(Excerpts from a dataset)
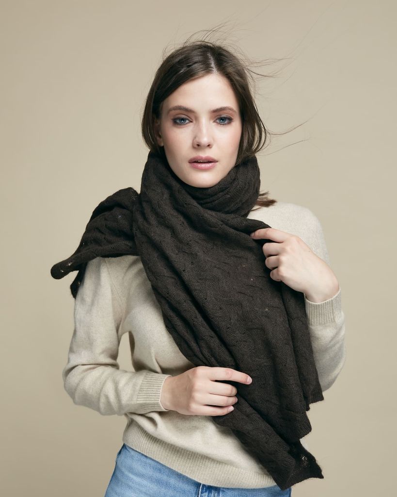 Нежный палантин в шоколадном оттенке — элегантный аксессуар, который добавит утончённости любому образу. Модель выполнена с изысканным ажурным узором, создающим лёгкую текстуру и воздушность. Благодаря 100% пуху яка палантин невероятно мягкий, лёгкий и отлично сохраняет тепло, оставаясь при этом дышащим. Универсальный размер позволяет носить его разными способами: как шарф, накидку или лёгкую шаль. Идеально подойдёт как для повседневных комплектов, так и для особых случаев.
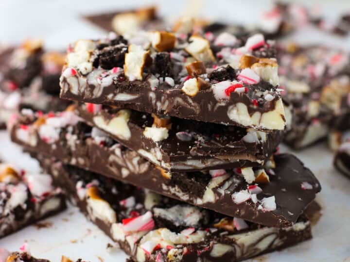 This Oreo peppermint bark is the BEST mix of sweet and salty! So easy and makes a great holiday food gift.
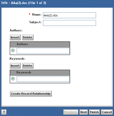 Authors | The value you type for this field should identify the author of the document that is being declared a formal record. You can Insert additional fields to identify more than one author if necessary, though you are able to select only one using the radio button. You can also delete additional fields inserted by selecting the radio button and clicking Delete. NoteEach field inserted is reorganized, after the form is saved, so that it appears under the field that had the radio button selected. |
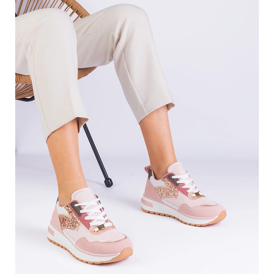 Detaljer: Rosa sneakers på plattformen dekorerad med glitter
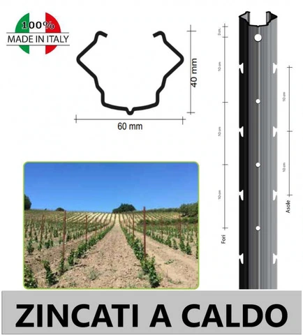 CODICE ARTICOLO: ITALFROM_4483 Conf.10 pz € 253.15+ iva - SPESS: 2,00 mm -PESO: Kg4,75- il Palo 'con asole interne' 60x40mm a 'V' viene usato per impianti di vigneti 'tipo spalliera' -Prodotto made in Italy - PER ALTEZZE PERSONALIZZATE RICHIEDI UN PREVENTIVO . Il palo, con sezione 60x40 mm. a profilo aperto, è adatto per impianti vigneto a spalliera La sua particolare sezione e le nervature assicurano robustezza e resistenza alle normali sollecitazioni denvanti dai processi di meccanizzazione. Il profilo aperto evita la formazione di condensa e ossidazione nella parte interna. Il trasporto e la posa in opera sono rese semplici e veloci. Le asole, poste a intervalll di 15 cm, hanno forma a \'N\' che impedisce la fuoriuscita casuale del filo.Il palo della serie 'V' è il risultato di un'attenta progettazione destinata a rispondere alle più elevate esigenze di robustezza e stabilità del filare. La sua originale sezione a 'V'' permette un'assoluta stabilità nel terreno, rispondendo in modo positivo a tutte le sollecitazioni derivanti dalla meccanizzazione e agli episodi temporaleschi , sempre più estremi, con precipitazioni e ventosità che mettono a dura prova i filari a spalliera. La sezione allargata, disponibile in due versioni di 60 mm e 70 mm, consente inoltre di evitare la 'chiusura' troppo accentuata della chioma. Questa caratteristica evita, nel processo di contenimento meccanico della chioma, il danneggiamento dei tralci. Le asole antisgancio a 'N', distanziate a intervalli di 15 cm, consentono la stabilità del filo anche su terreni con cambi di livello.Fornibile a richiesta in vari spessori e con varie finiture, Prezincato, Corten, Zincato a caldoIl Palo in Metallo ha ormai preso piede nella viticoltura moderna quale valido sostituto ai più tradizionali pali in Legno e pali in cemento. La facile manualità del Palo in Metallo permette anche negli impianti più impervi, la realizzazione di un Vigneto che rispecchia i più alti standard qualitativi.I sostegni metallici rappresentano una soluzione adeguata, perchè associano ad un limitato ingombro un'ottima resistenza.PALO ZINCATO A CALDO La zincatura è un trattamento finalizzato alla protezione delle parti in acciaio dalla corrosione e dalla ruggine.La zincatura a caldo si ottiene immergendo il prodotto gia stampato,profilato e opportunamente decapato e sgrassato in vasche contenenti zinco fuso ad una temperatura di circa 450° per un tempo di immersione che varia a seconda dello spessore che si deve ottenere.Questo trattamento produce un rivestimento protettivo di ossidi,carbonati e idrati di zinco che si lega metallurgicamente al substrato, isolando quindi l' acciaio.Inoltre in caso di scalfiture o abrasione , lo strato di zinco avendo potenziale minore , si ossida al posto dell' acciao.Per queste caratteristiche l' acciao zincato a caldo offre ottima resistenza agli urti e alle abrasioni , garantendo notevole durata nel tempo.La zincatura viene eseguita seguendo le specifiche dettate dalla norma europea UNI EN ISO 1461

Instructions to follow
Return the entries above in full and unchanged, omitting every image.

Output
 Нежный палантин в шоколадном оттенке — элегантный аксессуар, который добавит утончённости любому образу. Модель выполнена с изысканным ажурным узором, создающим лёгкую текстуру и воздушность. Благодаря 100% пуху яка палантин невероятно мягкий, лёгкий и отлично сохраняет тепло, оставаясь при этом дышащим. Универсальный размер позволяет носить его разными способами: как шарф, накидку или лёгкую шаль. Идеально подойдёт как для повседневных комплектов, так и для особых случаев.
 This Oreo peppermint bark is the BEST mix of sweet and salty! So easy and makes a great holiday food gift.
 Authors | The value you type for this field should identify the author of the document that is being declared a formal record. You can Insert additional fields to identify more than one author if necessary, though you are able to select only one using the radio button. You can also delete additional fields inserted by selecting the radio button and clicking Delete. NoteEach field inserted is reorganized, after the form is saved, so that it appears under the field that had the radio button selected. |
 Detaljer: Rosa sneakers på plattformen dekorerad med glitter
 CODICE ARTICOLO: ITALFROM_4483 Conf.10 pz € 253.15+ iva - SPESS: 2,00 mm -PESO: Kg4,75- il Palo 'con asole interne' 60x40mm a 'V' viene usato per impianti di vigneti 'tipo spalliera' -Prodotto made in Italy - PER ALTEZZE PERSONALIZZATE RICHIEDI UN PREVENTIVO . Il palo, con sezione 60x40 mm. a profilo aperto, è adatto per impianti vigneto a spalliera La sua particolare sezione e le nervature assicurano robustezza e resistenza alle normali sollecitazioni denvanti dai processi di meccanizzazione. Il profilo aperto evita la formazione di condensa e ossidazione nella parte interna. Il trasporto e la posa in opera sono rese semplici e veloci. Le asole, poste a intervalll di 15 cm, hanno forma a \'N\' che impedisce la fuoriuscita casuale del filo.Il palo della serie 'V' è il risultato di un'attenta progettazione destinata a rispondere alle più elevate esigenze di robustezza e stabilità del filare. La sua originale sezione a 'V'' permette un'assoluta stabilità nel terreno, rispondendo in modo positivo a tutte le sollecitazioni derivanti dalla meccanizzazione e agli episodi temporaleschi , sempre più estremi, con precipitazioni e ventosità che mettono a dura prova i filari a spalliera. La sezione allargata, disponibile in due versioni di 60 mm e 70 mm, consente inoltre di evitare la 'chiusura' troppo accentuata della chioma. Questa caratteristica evita, nel processo di contenimento meccanico della chioma, il danneggiamento dei tralci. Le asole antisgancio a 'N', distanziate a intervalli di 15 cm, consentono la stabilità del filo anche su terreni con cambi di livello.Fornibile a richiesta in vari spessori e con varie finiture, Prezincato, Corten, Zincato a caldoIl Palo in Metallo ha ormai preso piede nella viticoltura moderna quale valido sostituto ai più tradizionali pali in Legno e pali in cemento. La facile manualità del Palo in Metallo permette anche negli impianti più impervi, la realizzazione di un Vigneto che rispecchia i più alti standard qualitativi.I sostegni metallici rappresentano una soluzione adeguata, perchè associano ad un limitato ingombro un'ottima resistenza.PALO ZINCATO A CALDO La zincatura è un trattamento finalizzato alla protezione delle parti in acciaio dalla corrosione e dalla ruggine.La zincatura a caldo si ottiene immergendo il prodotto gia stampato,profilato e opportunamente decapato e sgrassato in vasche contenenti zinco fuso ad una temperatura di circa 450° per un tempo di immersione che varia a seconda dello spessore che si deve ottenere.Questo trattamento produce un rivestimento protettivo di ossidi,carbonati e idrati di zinco che si lega metallurgicamente al substrato, isolando quindi l' acciaio.Inoltre in caso di scalfiture o abrasione , lo strato di zinco avendo potenziale minore , si ossida al posto dell' acciao.Per queste caratteristiche l' acciao zincato a caldo offre ottima resistenza agli urti e alle abrasioni , garantendo notevole durata nel tempo.La zincatura viene eseguita seguendo le specifiche dettate dalla norma europea UNI EN ISO 1461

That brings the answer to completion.